# ASSIGNMENT
Print the lines below from the line with "Dětská domácí barefoot" to the line with "Δεύτερο | | | |" exactly, keeping both ends, and print no pictures.

· · · · · · ·

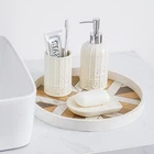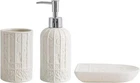 White Bathroom Accessories Set, Ceramic Set with Product Details Number of Pieces: 1 Finish Type: Polished Manufacturer: RZCNC Package Dimensions: 9.69 x 8.43 x 3.9 inches Item Weight: 1.85 pounds Item model number: 68220021 Fabric Type: Ceramic Finish types: Polished Batteries required: No Material: Ceramic Color: White Brand: RZCNC Style: Modern Included Components: Soap Dispenser, Toothbrush holder/Tumbler, Soap Dish Ceramic Elevate your bathroom decor with our Bathroom Accessories Set of 3, featuring a sleek Birdcage Design in a stylish White and Beige color scheme. Crafted from high-quality ceramic, this set includes a Soap Dispenser, Tumbler, and Soap Dish, offering a perfect blend of functionality and elegance. Organize your essentials in style with this bathroom accessories set, adding a touch of modern sophistication to any countertop or vanity. Perfectly complementing each other, the soap and toothbrush holder set is not only practical but also serves as a stunning focal point in your bathroom.
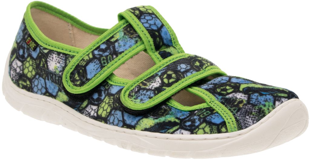 Dětská domácí barefoot obuv na 2 suché zipy. Obuv je ohebná nejen příčně, ale i podélně.
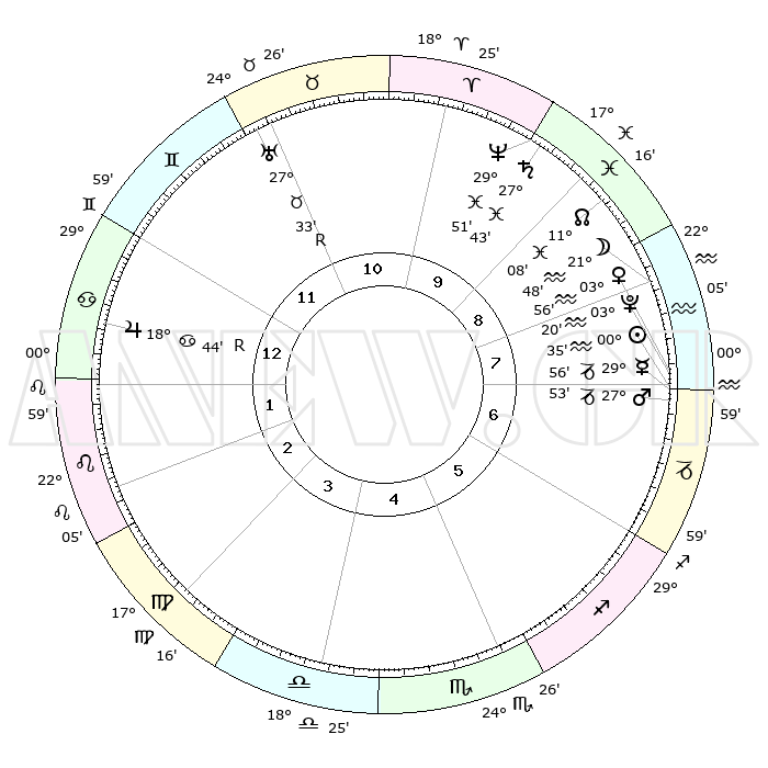| | ΘΕΣΕΙΣ ΠΛΑΝΗΤΩΝ ΑΣΤΡΟΛΟΓΙΚΟΥ ΧΑΡΤΗ ΤΗΣ ΣΤΙΓΜΗΣ ΑΥΤΗΣ | | | | Πλανήτης | Ζώδιο | Μοίρες | Δεκαήμ. | Σε οίκο | Απόκλιση | | Ακμές των οίκων | | Ηλιος | Υδροχόος | 00°30' | Πρώτο | 8 | 20 S 02 | | 1ος | 02°10' | Καρκίνος | | Σελήνη | Υδροχόος | 20°35' | Τρίτο | 9 | 16 S 13 | | 2ος | 22°51' | Καρκίνος | | Ερμής | Αιγόκερως | 29°46' | Τρίτο | 8 | 22 S 10 | | 3ος | 14°48' | Λέων | | Αφροδίτη | Υδροχόος | 03°49' | Πρώτο | 8 | 20 S 24 | | 4ος | 11°27' | Παρθένος | | Αρης | Αιγόκερως | 27°48' | Τρίτο | 8 | 21 S 34 | | 5ος | 15°44' | Ζυγός | | Δίας | Καρκίνος | 18°45'R | Δεύτερο | 1 | 22 N 24 | | 6ος | 25°34' | Σκορπιός | | Κρόνος | Ιχθείς | 27°42' | Τρίτο | 10 | 02 S 56 | | 7ος | 02°10' | Αιγόκερως | | Ουρανός | Ταύρος | 27°33'R | Τρίτο | 12 | 19 N 25 | | 8ος | 22°51' | Αιγόκερως | | Ποσειδώνας | Ιχθείς | 29°51' | Τρίτο | 10 | 01 S 16 | | 9ος | 14°48' | Υδροχόος | | Πλούτωνας | Υδροχόος | 03°20' | Πρώτο | 8 | 23 S 06 | | 10ος | 11°27' | Ιχθείς | | Β. Δεσμός | Ιχθείς | 11°08' | Δεύτερο | 9 | 07 S 23 | | 11ος | 15°44' | Κριός | | Ωροσκόπος | Καρκίνος | 02°10' | Πρώτο | | | 12ος | 25°34' | Ταύρος | | Μεσουράνημα | Ιχθείς | 11°27' | Δεύτερο | | | |
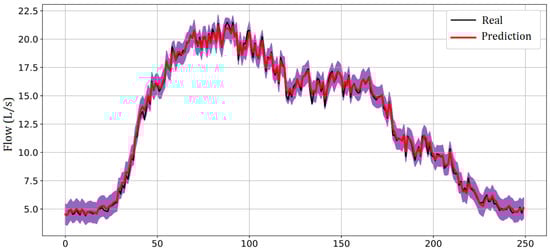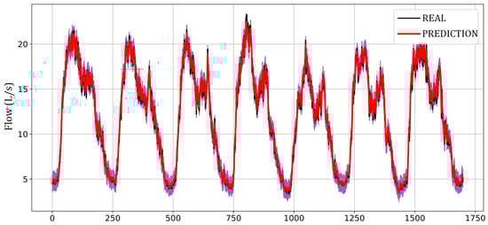 The results can be viewed in the graphical representation in Figure 12 and Figure 13; the curve in black corresponds to the actual water flow, while the black curve represents the flow predicted by the proposed model. The lilac strip, delimited by the two curves, illustrates measurement uncertainty. Through them, it is possible to observe how the neural network, on average, can follow the actual water flow in the system.
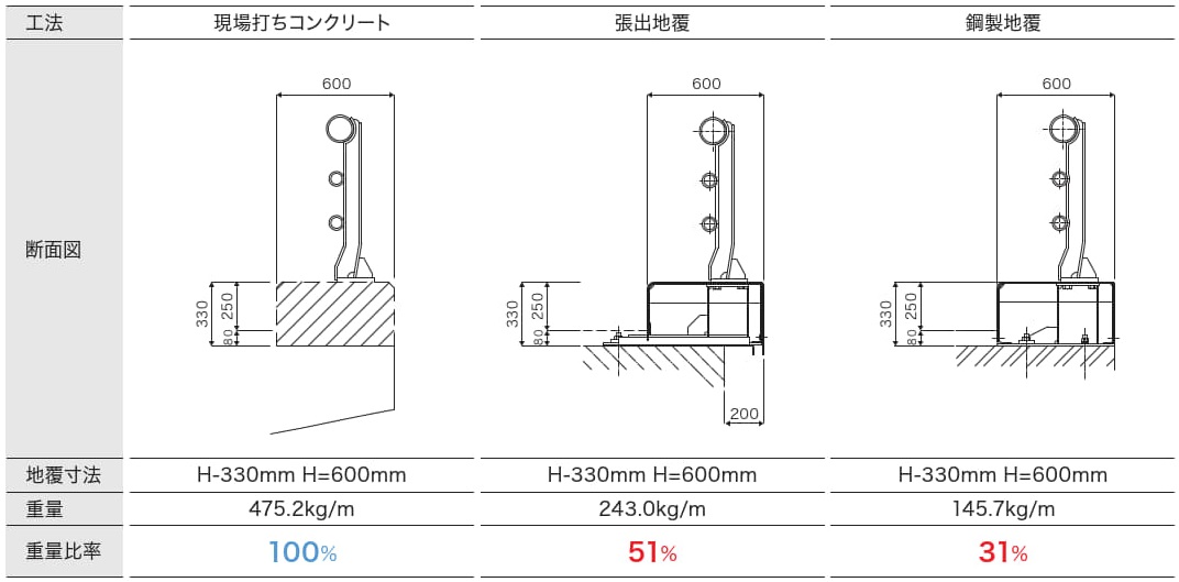 参考重量:243kg/m 同寸法のコンクリート地覆の約51%

· · · · · · ·

# ANSWER SPACE
 Dětská domácí barefoot obuv na 2 suché zipy. Obuv je ohebná nejen příčně, ale i podélně.
| | ΘΕΣΕΙΣ ΠΛΑΝΗΤΩΝ ΑΣΤΡΟΛΟΓΙΚΟΥ ΧΑΡΤΗ ΤΗΣ ΣΤΙΓΜΗΣ ΑΥΤΗΣ | | | | Πλανήτης | Ζώδιο | Μοίρες | Δεκαήμ. | Σε οίκο | Απόκλιση | | Ακμές των οίκων | | Ηλιος | Υδροχόος | 00°30' | Πρώτο | 8 | 20 S 02 | | 1ος | 02°10' | Καρκίνος | | Σελήνη | Υδροχόος | 20°35' | Τρίτο | 9 | 16 S 13 | | 2ος | 22°51' | Καρκίνος | | Ερμής | Αιγόκερως | 29°46' | Τρίτο | 8 | 22 S 10 | | 3ος | 14°48' | Λέων | | Αφροδίτη | Υδροχόος | 03°49' | Πρώτο | 8 | 20 S 24 | | 4ος | 11°27' | Παρθένος | | Αρης | Αιγόκερως | 27°48' | Τρίτο | 8 | 21 S 34 | | 5ος | 15°44' | Ζυγός | | Δίας | Καρκίνος | 18°45'R | Δεύτερο | 1 | 22 N 24 | | 6ος | 25°34' | Σκορπιός | | Κρόνος | Ιχθείς | 27°42' | Τρίτο | 10 | 02 S 56 | | 7ος | 02°10' | Αιγόκερως | | Ουρανός | Ταύρος | 27°33'R | Τρίτο | 12 | 19 N 25 | | 8ος | 22°51' | Αιγόκερως | | Ποσειδώνας | Ιχθείς | 29°51' | Τρίτο | 10 | 01 S 16 | | 9ος | 14°48' | Υδροχόος | | Πλούτωνας | Υδροχόος | 03°20' | Πρώτο | 8 | 23 S 06 | | 10ος | 11°27' | Ιχθείς | | Β. Δεσμός | Ιχθείς | 11°08' | Δεύτερο | 9 | 07 S 23 | | 11ος | 15°44' | Κριός | | Ωροσκόπος | Καρκίνος | 02°10' | Πρώτο | | | 12ος | 25°34' | Ταύρος | | Μεσουράνημα | Ιχθείς | 11°27' | Δεύτερο | | | |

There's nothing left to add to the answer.